Spread Betting Magazine V13

Page 20

Special Feature

It seems that it is not just us, but the directors also do not believe the current valuation of the company. The RNS of 9 May 2012 is particularly telling in which it notes that Non Exec Director Robert Emmet exercised all his options, options over 3.545million shares and immediately sold them, such that he then had no holding in the company. Hardly a vote of confidence. Perhaps, even more interestingly, the share options issued to key management that were due to expire in 2014 with exercise prices centred around 3p and 4p were extended to 2022. Reason given? “...in order to regularise the position, and avoid any immediate shareholder dilution...” Cough, cough! So, it appears to us that there are only three ways that ADVFN can actually generate any meaningful profitability:

1. Monetisation of rising registrant numbers. Given intense competition in this area and the general acceptance that the market is saturated/mature regarding new price feed subscribers, this will be a hard task for ADVFN. The new content routes of ebooks and the “newspaper” may be being consumed by readers, but whether they are ultimately willing to pay for this, we doubt.

2. Increased subscription costs. Per (1) above, with free level 2 pricing available from various vendors now, the point of differentiation for ADVFN has all but disappeared. Again, increasing end user subscription costs seems impossible and, indeed, in recent months they have been offering discount “deals” on their various packages.

3. Increased advertiser revenue. In this marketplace, of which we are very acutely aware, financial firms are guarding their wallets exceptionally well at the moment. ADVFN’s mainstay advertisers are the spread betting and CFD firms and reports from the likes of LCG and the goliath that is IG have not painted a pretty picture re profitability. One of the first areas to be cut in a downturn is, of course, marketing and a glance at ADVFN’s website shows a lot of their own “ebook” promo’s taking up banner space that was previously reserved for 3rd party paying advertisers as well as likely “non sticky”/ repeat players like film funding and student housing sellers. Another ominous sign...

Taking all the above into context — a woefully undercapitalised balance sheet, intense and intensifying price competition for their subscriber service, a very difficult advertising backdrop and the total absence of any Director’s commitment by way of share purchasing (aside from very low base option exercises) in recent years, then here at SBM we will be shocked if there is not a profits warning to come or a capital raising during 2013 and perhaps both. Mr Chamber’s statement in October of last year, “The future for ADVFN is bright. We have more opportunities now than ever before, as much competition fades. Market conditions appear to change a great deal more than our business performance and affect us a good deal less than others. This allows us to look forward with confidence. We feel it is fair to say bear markets do not last forever”, will come back to haunt him (and his investors) we think.
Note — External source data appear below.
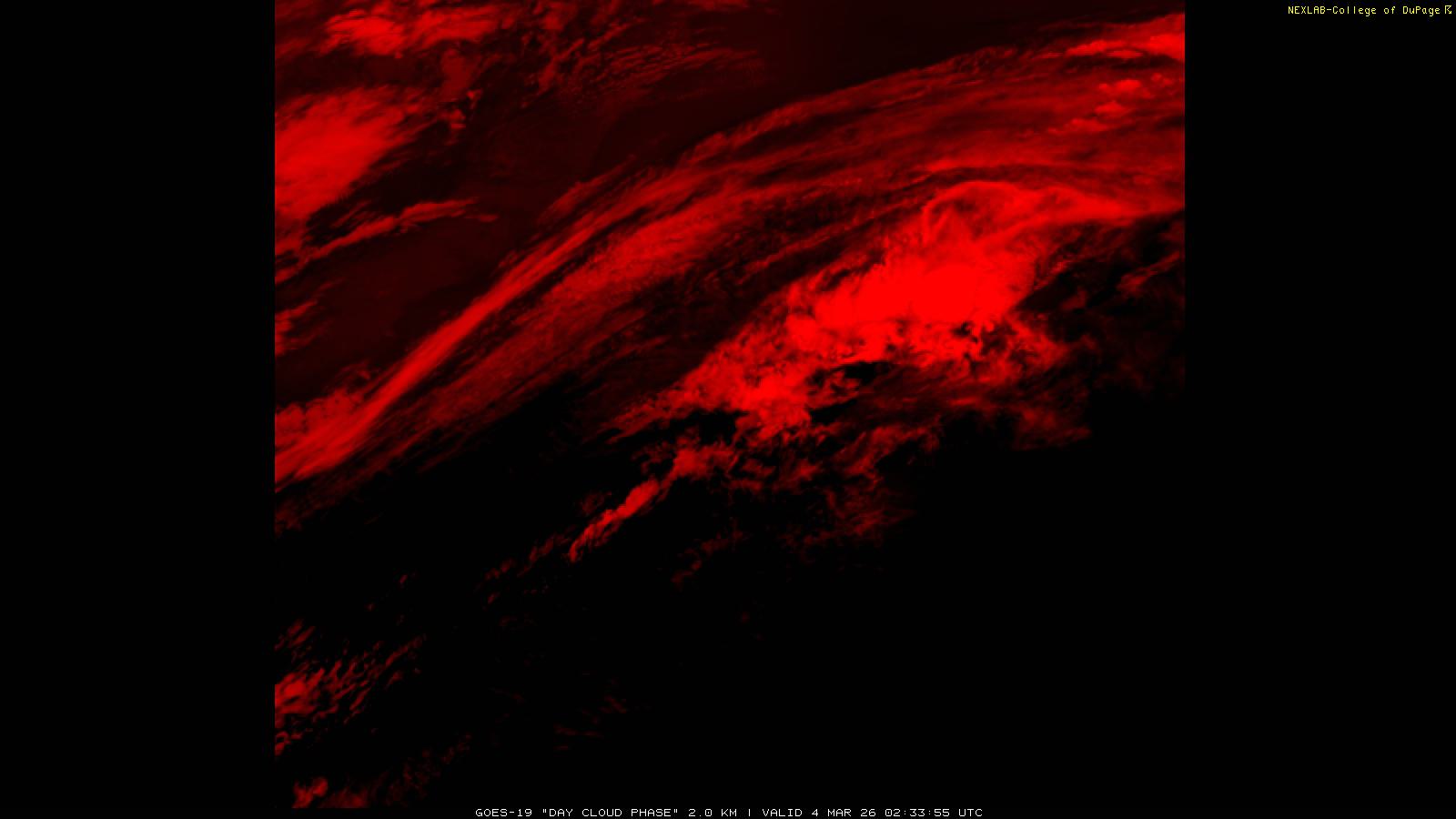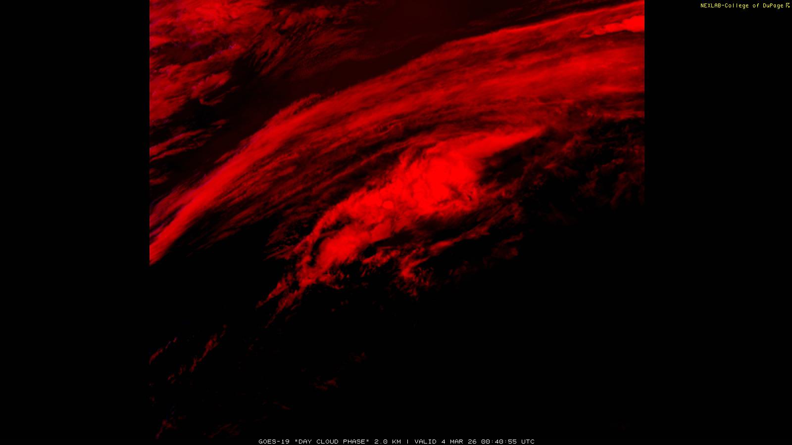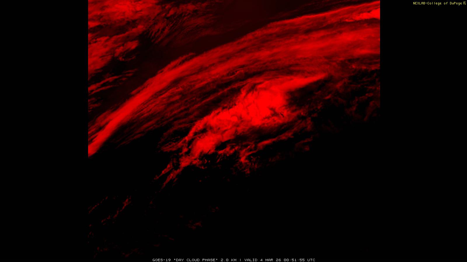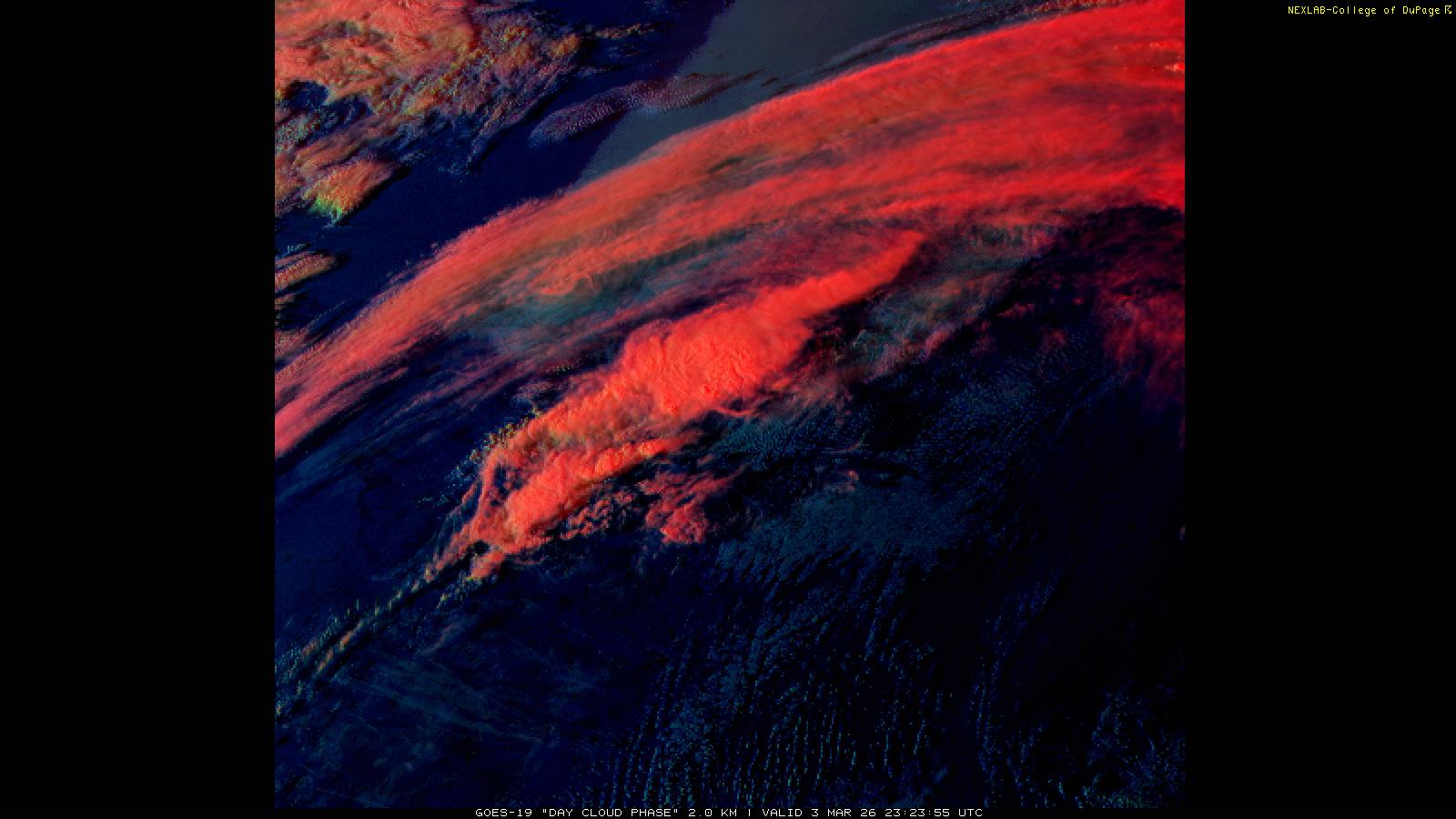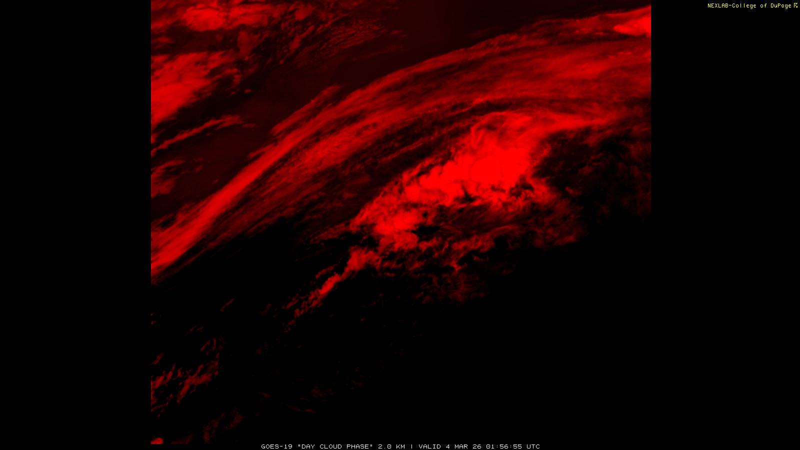 The Day Cloud Phase RGB product is designed to help distinguish between surface features and cloud types. Bare land surface will typically appear dark blue, although snow cover will show as green. Clouds comprised of liquid water will be light blue or aqua in color. And ice clouds will appear yellow/orange/reddish in color, depending on their content as well as time of day. This product is a combination of one infrared band (ABI band 13), one visible band (ABI band 02) and one near-infrared band (ABI band 05). These three ABI bands make up the Red, Green and Blue channels respectively. Because of the visible and near-infrared bands, this product is only useful during the daytime.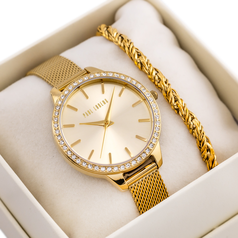 Komplet prezentowy damski, który zachwyca swoją elegancją i ponadczasowym stylem. Zawiera zegarek ze stali szlachetnej marki Paul Lorens w kolorze złotym, z piękną tarczą w kolorze srebrnym, która subtelnie podkreśla jego klasyczny charakter. Złota koperta zegarka, ozdobiona błyszczącymi cyrkoniami, dodaje całości wyjątkowego blasku. Zegarek charakteryzuje się także wodoszczelnością WR30, co sprawia, że jest praktyczny i funkcjonalny. Do kompletu dołączona jest elegancka pleciona bransoletka w kolorze złotym, która perfekcyjnie komponuje się z zegarkiem. To idealny wybór na prezent – elegancki, piękny i niezapomniany.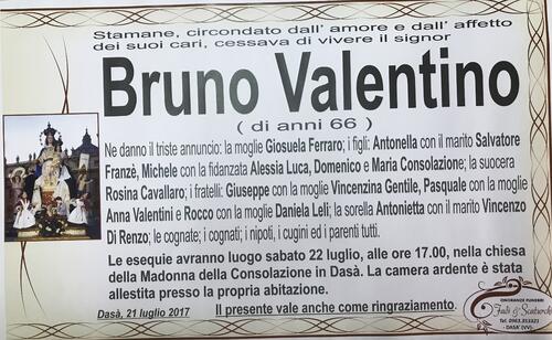 Le esequie avranno luogo sabato 22 luglio, alle ore 17.00, nella chiesa della Madonna della Consolazione in Dasà . La camera ardente è stata allestita presso la propria abitazione sita in Dasà alla Via Martiri di via Fani.

The only other cash outside a capital raising and natural revenues that the company may have coming in is linked to the “sale” of its subsidiary Equity Holdings to Brian Basham and where Basham is potentially liable to pay £50k p.a. Hardly likely to make a dent! Here’s an interesting and important point to make to novice traders/investors — market capitalisations of stocks can remain disjointed from fundamentals for a long time, but when a company needs to raise capital, and particularly from third party investors, the “chickens generally come home to roost” as the new investors take a dispassionate look at the true fundamental worth of the business. This situation was illustrated exceptionally clearly in another stock we have covered extensively in our publication — Ceres Power. When their backs were against it, they were unable to raise capital from existing shareholders, and ultimately from a pre placing share price of over 10p, they raised capital at 1p. Unless Mr Chambers can convince someone else that his business is really worth almost £30m or, most unlikely given the Directors record in recent years, put his hand in his own pocket and fund up the likely required cash, then we foresee the same scenario here — a rebasing to the true fundamental worth of the company which we think is around 1p per share. Disclosure – SBM contributors intend to take a short position in ADVFN, 72 hours after the publication of this feature.